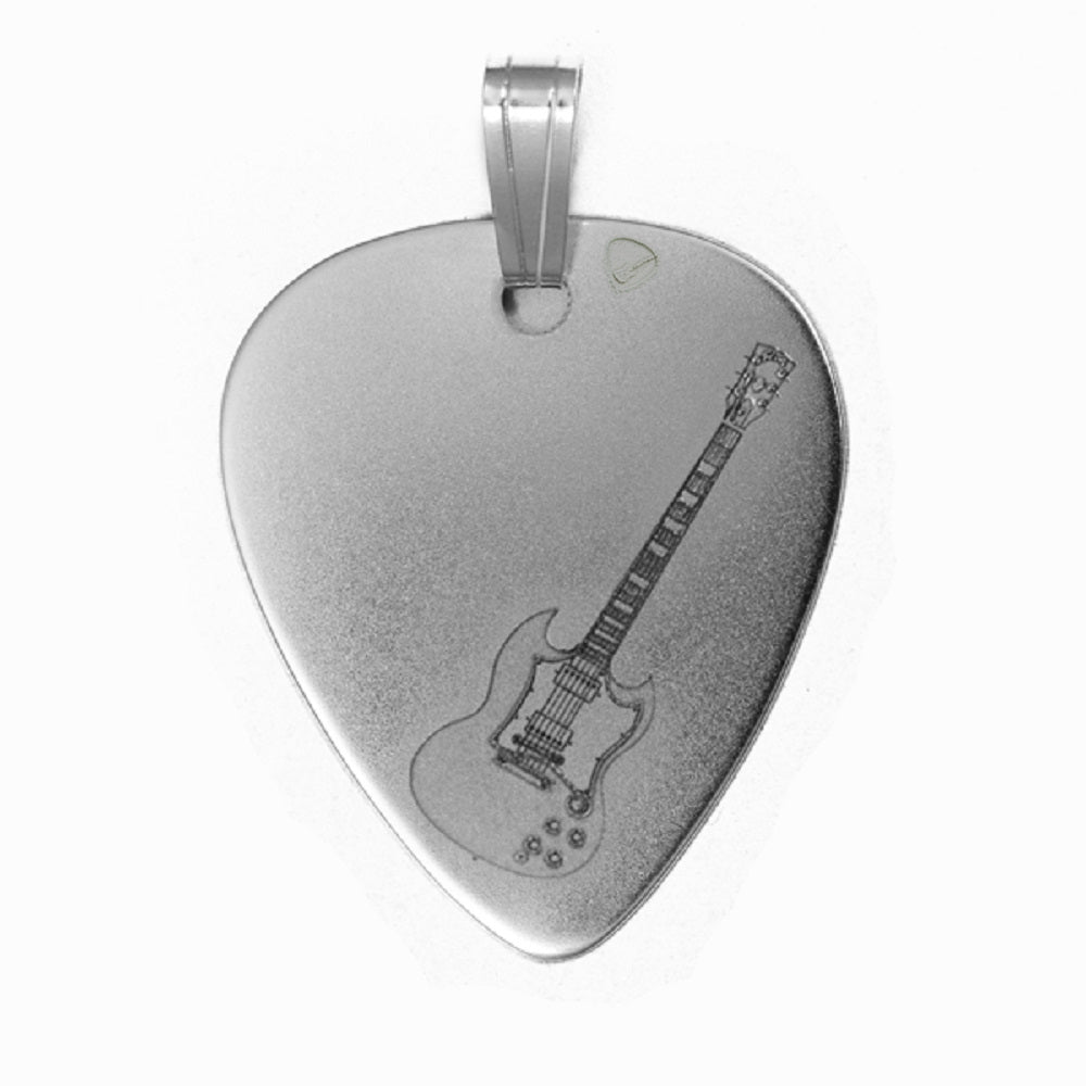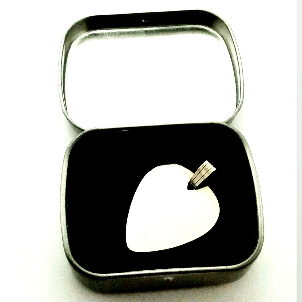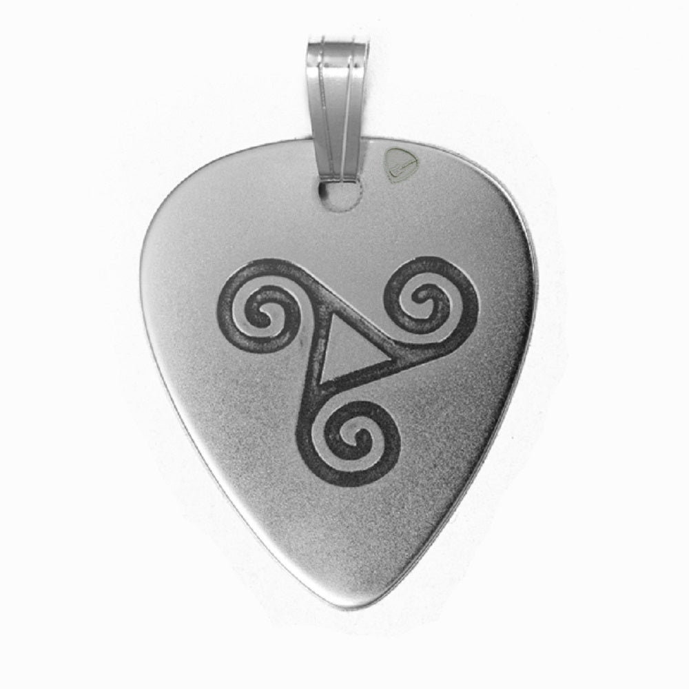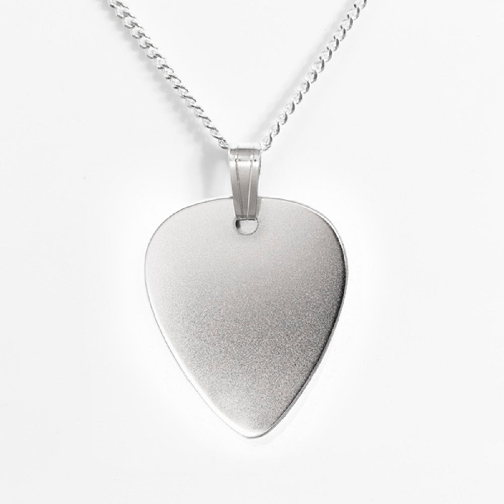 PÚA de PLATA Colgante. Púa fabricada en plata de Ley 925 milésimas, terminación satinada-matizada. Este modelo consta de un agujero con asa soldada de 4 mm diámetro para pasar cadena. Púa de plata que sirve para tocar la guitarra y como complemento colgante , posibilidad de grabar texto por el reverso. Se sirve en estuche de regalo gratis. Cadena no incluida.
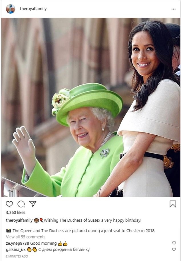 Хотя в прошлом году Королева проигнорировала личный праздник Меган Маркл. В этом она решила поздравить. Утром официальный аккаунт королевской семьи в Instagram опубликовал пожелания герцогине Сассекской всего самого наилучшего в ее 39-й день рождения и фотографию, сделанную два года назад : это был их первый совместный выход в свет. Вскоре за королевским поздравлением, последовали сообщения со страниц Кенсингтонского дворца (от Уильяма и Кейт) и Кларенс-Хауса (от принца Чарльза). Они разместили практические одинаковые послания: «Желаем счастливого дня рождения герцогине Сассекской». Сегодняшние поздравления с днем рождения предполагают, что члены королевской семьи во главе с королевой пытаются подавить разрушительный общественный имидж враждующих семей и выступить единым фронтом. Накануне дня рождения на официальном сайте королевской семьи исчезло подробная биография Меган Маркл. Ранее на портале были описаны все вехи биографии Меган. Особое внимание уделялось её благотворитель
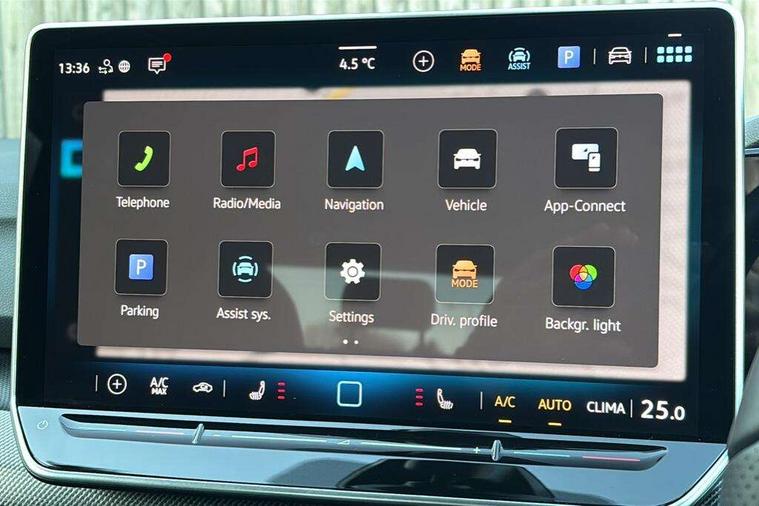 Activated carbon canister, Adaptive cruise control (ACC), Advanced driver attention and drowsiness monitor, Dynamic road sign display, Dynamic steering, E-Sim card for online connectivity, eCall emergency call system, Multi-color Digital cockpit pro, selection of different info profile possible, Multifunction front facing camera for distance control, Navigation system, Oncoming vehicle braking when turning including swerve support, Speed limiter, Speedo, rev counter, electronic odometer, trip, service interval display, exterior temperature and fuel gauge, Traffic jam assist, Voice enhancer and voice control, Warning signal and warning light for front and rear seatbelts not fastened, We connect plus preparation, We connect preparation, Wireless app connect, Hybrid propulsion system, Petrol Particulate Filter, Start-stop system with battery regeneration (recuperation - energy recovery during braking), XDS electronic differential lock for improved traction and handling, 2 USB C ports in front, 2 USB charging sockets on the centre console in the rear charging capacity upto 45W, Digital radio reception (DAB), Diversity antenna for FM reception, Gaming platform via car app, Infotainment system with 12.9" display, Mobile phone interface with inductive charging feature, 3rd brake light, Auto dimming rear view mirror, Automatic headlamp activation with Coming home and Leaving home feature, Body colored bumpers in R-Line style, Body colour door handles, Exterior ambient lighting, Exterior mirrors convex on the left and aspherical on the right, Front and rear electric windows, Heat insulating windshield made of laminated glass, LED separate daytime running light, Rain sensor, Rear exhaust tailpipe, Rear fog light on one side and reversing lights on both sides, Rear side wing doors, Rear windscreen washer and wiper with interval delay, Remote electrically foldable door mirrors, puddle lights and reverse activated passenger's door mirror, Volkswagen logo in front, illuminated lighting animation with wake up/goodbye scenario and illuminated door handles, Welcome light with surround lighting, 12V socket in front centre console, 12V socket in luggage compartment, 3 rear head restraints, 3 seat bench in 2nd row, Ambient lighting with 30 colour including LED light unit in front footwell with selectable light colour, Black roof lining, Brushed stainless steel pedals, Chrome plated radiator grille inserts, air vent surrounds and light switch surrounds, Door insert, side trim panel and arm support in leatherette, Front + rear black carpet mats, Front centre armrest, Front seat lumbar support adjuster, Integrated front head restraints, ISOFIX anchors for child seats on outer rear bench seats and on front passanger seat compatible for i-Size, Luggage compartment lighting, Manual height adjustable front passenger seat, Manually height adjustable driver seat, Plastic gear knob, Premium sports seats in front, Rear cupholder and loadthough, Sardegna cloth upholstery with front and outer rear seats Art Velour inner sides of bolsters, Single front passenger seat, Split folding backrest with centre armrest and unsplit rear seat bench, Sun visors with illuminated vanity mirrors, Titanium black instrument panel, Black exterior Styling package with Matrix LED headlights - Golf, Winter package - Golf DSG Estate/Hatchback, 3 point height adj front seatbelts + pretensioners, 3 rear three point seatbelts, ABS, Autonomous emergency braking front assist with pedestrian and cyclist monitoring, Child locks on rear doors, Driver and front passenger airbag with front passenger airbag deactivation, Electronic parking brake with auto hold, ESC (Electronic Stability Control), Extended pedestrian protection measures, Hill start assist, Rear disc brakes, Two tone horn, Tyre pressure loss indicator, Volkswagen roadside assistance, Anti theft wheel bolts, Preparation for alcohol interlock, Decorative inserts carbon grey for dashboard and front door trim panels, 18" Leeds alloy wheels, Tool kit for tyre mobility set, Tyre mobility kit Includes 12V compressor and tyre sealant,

= Instructions to follow =
Print verbatim every line above, apart from the pictures.

= Exercise answer =
 PÚA de PLATA Colgante. Púa fabricada en plata de Ley 925 milésimas, terminación satinada-matizada. Este modelo consta de un agujero con asa soldada de 4 mm diámetro para pasar cadena. Púa de plata que sirve para tocar la guitarra y como complemento colgante , posibilidad de grabar texto por el reverso. Se sirve en estuche de regalo gratis. Cadena no incluida.
 Хотя в прошлом году Королева проигнорировала личный праздник Меган Маркл. В этом она решила поздравить. Утром официальный аккаунт королевской семьи в Instagram опубликовал пожелания герцогине Сассекской всего самого наилучшего в ее 39-й день рождения и фотографию, сделанную два года назад : это был их первый совместный выход в свет. Вскоре за королевским поздравлением, последовали сообщения со страниц Кенсингтонского дворца (от Уильяма и Кейт) и Кларенс-Хауса (от принца Чарльза). Они разместили практические одинаковые послания: «Желаем счастливого дня рождения герцогине Сассекской». Сегодняшние поздравления с днем рождения предполагают, что члены королевской семьи во главе с королевой пытаются подавить разрушительный общественный имидж враждующих семей и выступить единым фронтом. Накануне дня рождения на официальном сайте королевской семьи исчезло подробная биография Меган Маркл. Ранее на портале были описаны все вехи биографии Меган. Особое внимание уделялось её благотворитель
 Activated carbon canister, Adaptive cruise control (ACC), Advanced driver attention and drowsiness monitor, Dynamic road sign display, Dynamic steering, E-Sim card for online connectivity, eCall emergency call system, Multi-color Digital cockpit pro, selection of different info profile possible, Multifunction front facing camera for distance control, Navigation system, Oncoming vehicle braking when turning including swerve support, Speed limiter, Speedo, rev counter, electronic odometer, trip, service interval display, exterior temperature and fuel gauge, Traffic jam assist, Voice enhancer and voice control, Warning signal and warning light for front and rear seatbelts not fastened, We connect plus preparation, We connect preparation, Wireless app connect, Hybrid propulsion system, Petrol Particulate Filter, Start-stop system with battery regeneration (recuperation - energy recovery during braking), XDS electronic differential lock for improved traction and handling, 2 USB C ports in front, 2 USB charging sockets on the centre console in the rear charging capacity upto 45W, Digital radio reception (DAB), Diversity antenna for FM reception, Gaming platform via car app, Infotainment system with 12.9" display, Mobile phone interface with inductive charging feature, 3rd brake light, Auto dimming rear view mirror, Automatic headlamp activation with Coming home and Leaving home feature, Body colored bumpers in R-Line style, Body colour door handles, Exterior ambient lighting, Exterior mirrors convex on the left and aspherical on the right, Front and rear electric windows, Heat insulating windshield made of laminated glass, LED separate daytime running light, Rain sensor, Rear exhaust tailpipe, Rear fog light on one side and reversing lights on both sides, Rear side wing doors, Rear windscreen washer and wiper with interval delay, Remote electrically foldable door mirrors, puddle lights and reverse activated passenger's door mirror, Volkswagen logo in front, illuminated lighting animation with wake up/goodbye scenario and illuminated door handles, Welcome light with surround lighting, 12V socket in front centre console, 12V socket in luggage compartment, 3 rear head restraints, 3 seat bench in 2nd row, Ambient lighting with 30 colour including LED light unit in front footwell with selectable light colour, Black roof lining, Brushed stainless steel pedals, Chrome plated radiator grille inserts, air vent surrounds and light switch surrounds, Door insert, side trim panel and arm support in leatherette, Front + rear black carpet mats, Front centre armrest, Front seat lumbar support adjuster, Integrated front head restraints, ISOFIX anchors for child seats on outer rear bench seats and on front passanger seat compatible for i-Size, Luggage compartment lighting, Manual height adjustable front passenger seat, Manually height adjustable driver seat, Plastic gear knob, Premium sports seats in front, Rear cupholder and loadthough, Sardegna cloth upholstery with front and outer rear seats Art Velour inner sides of bolsters, Single front passenger seat, Split folding backrest with centre armrest and unsplit rear seat bench, Sun visors with illuminated vanity mirrors, Titanium black instrument panel, Black exterior Styling package with Matrix LED headlights - Golf, Winter package - Golf DSG Estate/Hatchback, 3 point height adj front seatbelts + pretensioners, 3 rear three point seatbelts, ABS, Autonomous emergency braking front assist with pedestrian and cyclist monitoring, Child locks on rear doors, Driver and front passenger airbag with front passenger airbag deactivation, Electronic parking brake with auto hold, ESC (Electronic Stability Control), Extended pedestrian protection measures, Hill start assist, Rear disc brakes, Two tone horn, Tyre pressure loss indicator, Volkswagen roadside assistance, Anti theft wheel bolts, Preparation for alcohol interlock, Decorative inserts carbon grey for dashboard and front door trim panels, 18" Leeds alloy wheels, Tool kit for tyre mobility set, Tyre mobility kit Includes 12V compressor and tyre sealant,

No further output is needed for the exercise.